Under Murphy’s editorial microscope: The newly amended—and highly contentious—breast cancer screening guidelines from the U.S. Preventive Services Task Force (USPSTF). Released in November, the guidelines recommend against universal annual mammograms for women beginning at age 40. The new guidelines are based, in part, on concerns about false positive results, unnecessary biopsy and treatment and radiation exposure.
Many breast cancer survivors and advocacy organizations oppose the guidelines.
“Both camps bring up valid points but there is a middle-of-the-road approach that combines the best interests of both sides and that can guide our decisions as physicians and patients,” Murphy says.
The new guidelines, she says, could and should create an opportunity for individualized care, not one-size-fits-all medicine.
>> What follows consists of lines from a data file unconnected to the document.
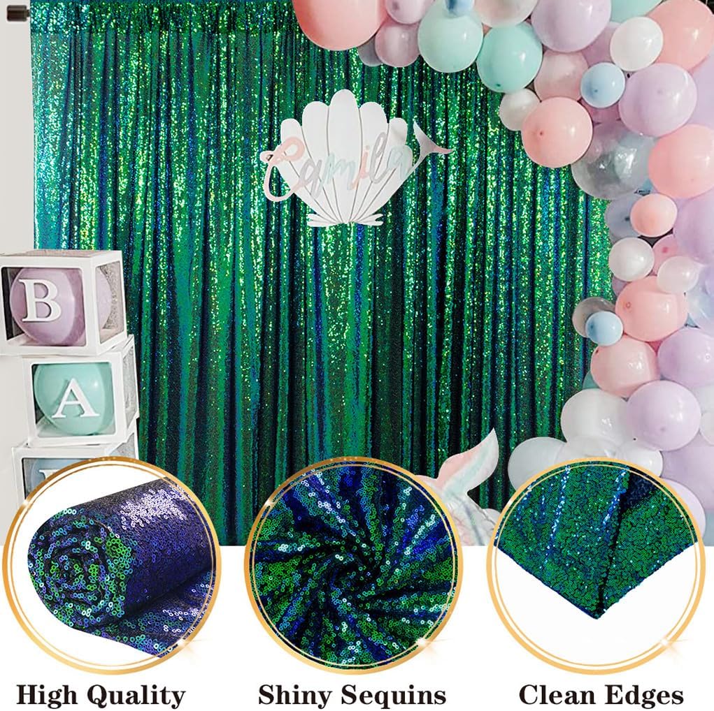 - ★ BACKDROP CURTAIN: 1 Pc 10FTx10FT height sequin backdrop curtain Colorful Green wedding party decor.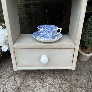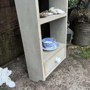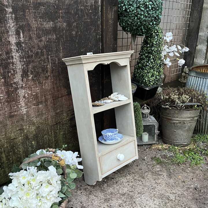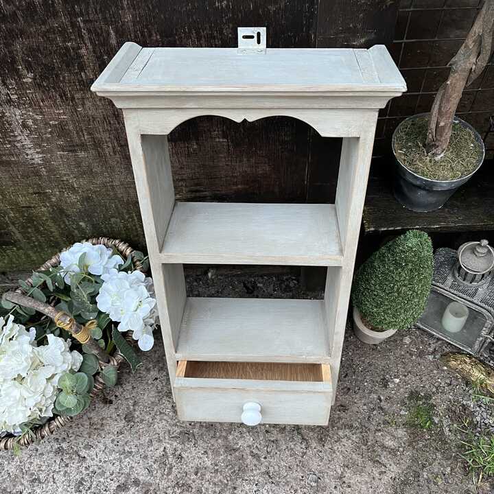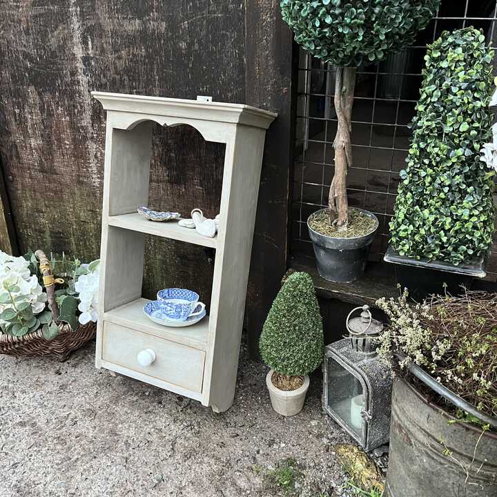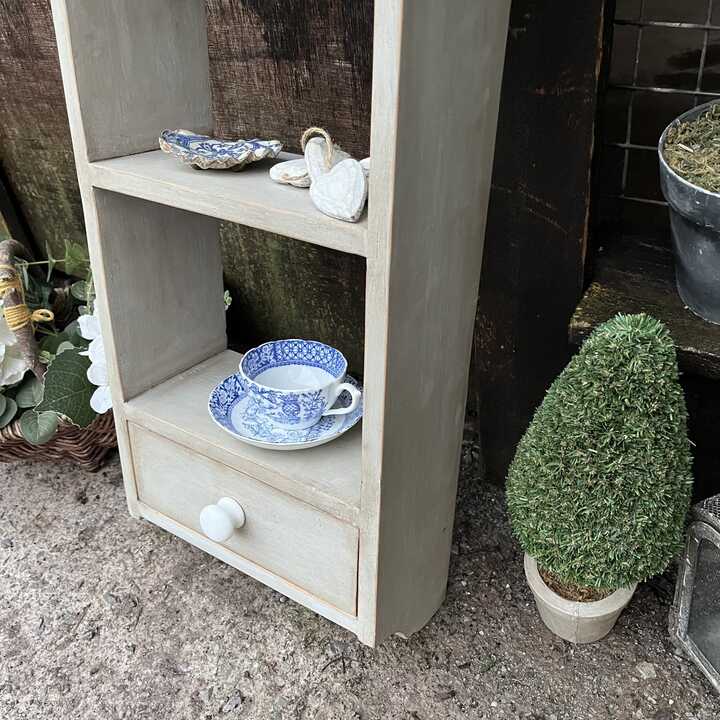 Pretty Grey Hand Painted Wall Mounted Wall 2 Shelves Storage Unit With Drawer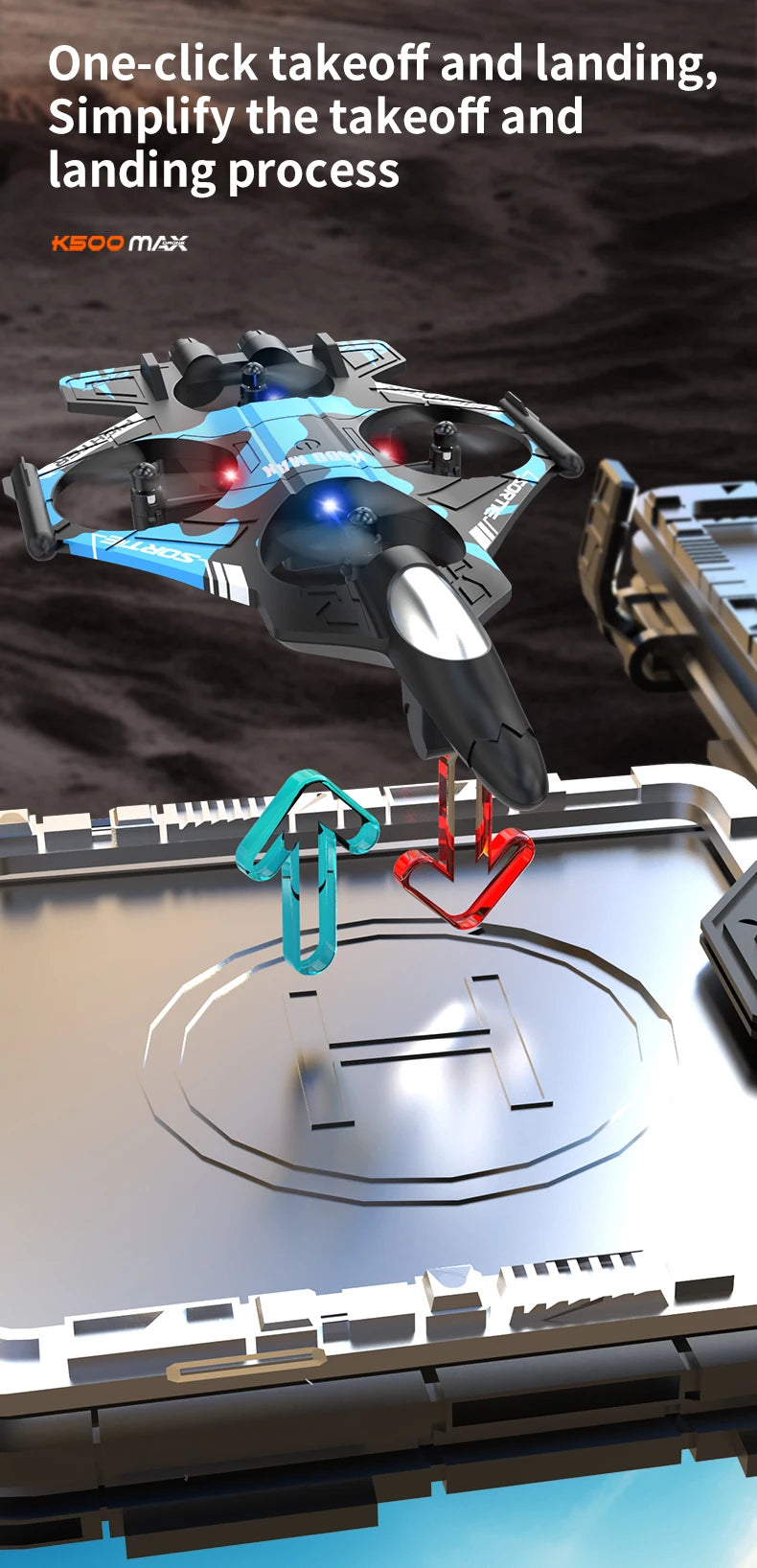 K500 MAX is equipped with a screen, a 2.4G remote-controlled aerobatic gliding fighter jet and a 360° rolling drone toy gift

Individualized care: First and foremost, Murphy says, physicians and patients must talk honestly and openly about the benefits and risks of mammography, an imperfect test that can lead to false positives, especially in younger women, causing more aggressive tests, invasive biopsies and unnecessary anxiety. If a careful individualized assessment by the physician reveals risk factors, a screening mammogram may be warranted even in symptom-free patients under 50. Primary-care providers must inquire about family history of cancers on both sides of the family because breast and ovarian cancer genes may be inherited through the father, Murphy says.
False alarms: To minimize the harmful effects of false positives, Murphy recommends referring younger women to breast-imaging centers that offer digital mammography. Patients with suspicious findings can typically undergo minimally invasive core-needle biopsies, instead of traditional surgical biopsies.
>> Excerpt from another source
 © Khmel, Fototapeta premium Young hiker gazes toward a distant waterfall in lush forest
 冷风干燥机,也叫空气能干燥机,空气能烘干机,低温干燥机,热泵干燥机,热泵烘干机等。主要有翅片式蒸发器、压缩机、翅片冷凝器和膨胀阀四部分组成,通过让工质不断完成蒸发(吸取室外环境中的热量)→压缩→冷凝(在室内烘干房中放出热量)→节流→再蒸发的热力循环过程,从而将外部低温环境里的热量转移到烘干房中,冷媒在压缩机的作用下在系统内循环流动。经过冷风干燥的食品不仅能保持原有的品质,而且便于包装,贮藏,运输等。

Insurance implications: Policy makers should create stipulations to prevent insurers from denying payment for testing in younger women.
More research: Murphy calls for funding geared toward more accurate screening tests and improved early diagnosis.
“Women and men who have walked and run miles for this cause would want nothing more than knowing their mothers, daughters, sisters, nieces, granddaughters and wives will have more effective strategies to ensure breast cancer is no longer a life-threatening disease,” Murphy writes in the article.